Ubrała się jak zwykle w dżinsy i obszerny sweter, i ruszyła samochodem w stronę miasteczka.

Mijając dom Richarda zwolniła. Pewno jest w szpitalu, pomyślała. Jednak z komina wydobywał się dym. Dostrzegła też jakiś ruch w oknie. Czyżby był w domu?

Zastanowiła się przez chwilę. Pewno jego mercedes nadal stoi przed pubem. Może trzeba go podwieźć?

Po chwili stała już przed drzwiami. Ledwo uniosła rękę, aby zapukać, a już drzwi otworzyły się na oścież. Stanęła w nich ładna, nie umalowana dziewczyna w domowym stroju. Uśmiechnęła się i wyciągnęła rękę do Kate.

– Proszę nic nie mówić – powiedziała ciepło. – Sama zgadnę. Pani doktor Harris?

– T-tak… – wyjąkała Kate. Musiała wyglądać na kompletnie zaskoczoną, bo dziewczyna wybuchnęła śmiechem.

– Dam głowę, że jesteś prawie tak zdziwiona jak Richard. – Chwyciła dłoń Kate i potrząsnęła nią. – Jestem Christy Blair.

– Christy Blair?

– Wejdź. – Gestem zaprosiła ją do domu. Na środku holu piętrzyła się cała góra bagaży. Zauważyła, jak Kate im się przygląda, i uśmiechnęła się szeroko. – Nie wybieram się z jedną walizką, kiedy zamierzam gdzieś zostać na stałe. – Skrzywiła się, owijając się ciaśniej podomką. – Richard powinien mnie ostrzec, że jest tu aż tak zimno. W Australii spodziewałam się innej pogody.

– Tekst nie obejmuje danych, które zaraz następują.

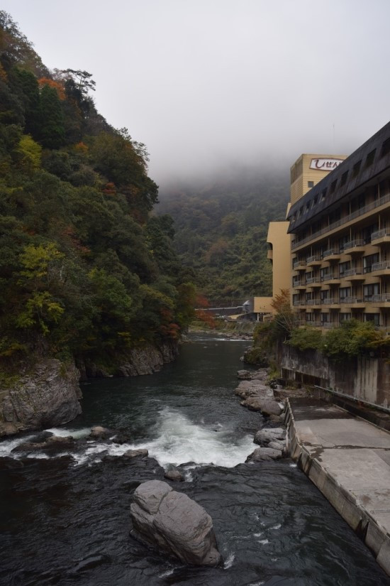 계곡으로 이어지는 하천은 여전히 아름답고 깨끗하다. 안개를 뚫고 붉거나 노란 잎새를 뽑내는 단풍나무도 눈길을 끈다. 그 옛날 개발하지 않고 전통 온천마을로 남아있었다면 어땠을까.

– Nie w zimie – odruchowo wyjaśniła Kate. Spojrzała na ręce Christy. Na lewej dłoni dostrzegła złotą obrączkę. – Czy pani… zamierza zamieszkać z Richardem?

– Oczywiście. – Ton wskazywał na to, że Kate powinna była się tego spodziewać. – Nie przyjechałam wcześniej, bo czekałam, aż Richard coś znajdzie. No i musiałam coś zrobić z naszym domem w Anglii, pełnym mebli i innych rzeczy. Ale kiedy zadzwoniłam do niego w zeszłym tygodniu, powiedział, że potrzebuje mnie już teraz. – Wymownie rozłożyła ręce. – Która dziewczyna potrafiłaby mu odmówić? Zostawiłam wszystko w rękach agenta i przyjechałam.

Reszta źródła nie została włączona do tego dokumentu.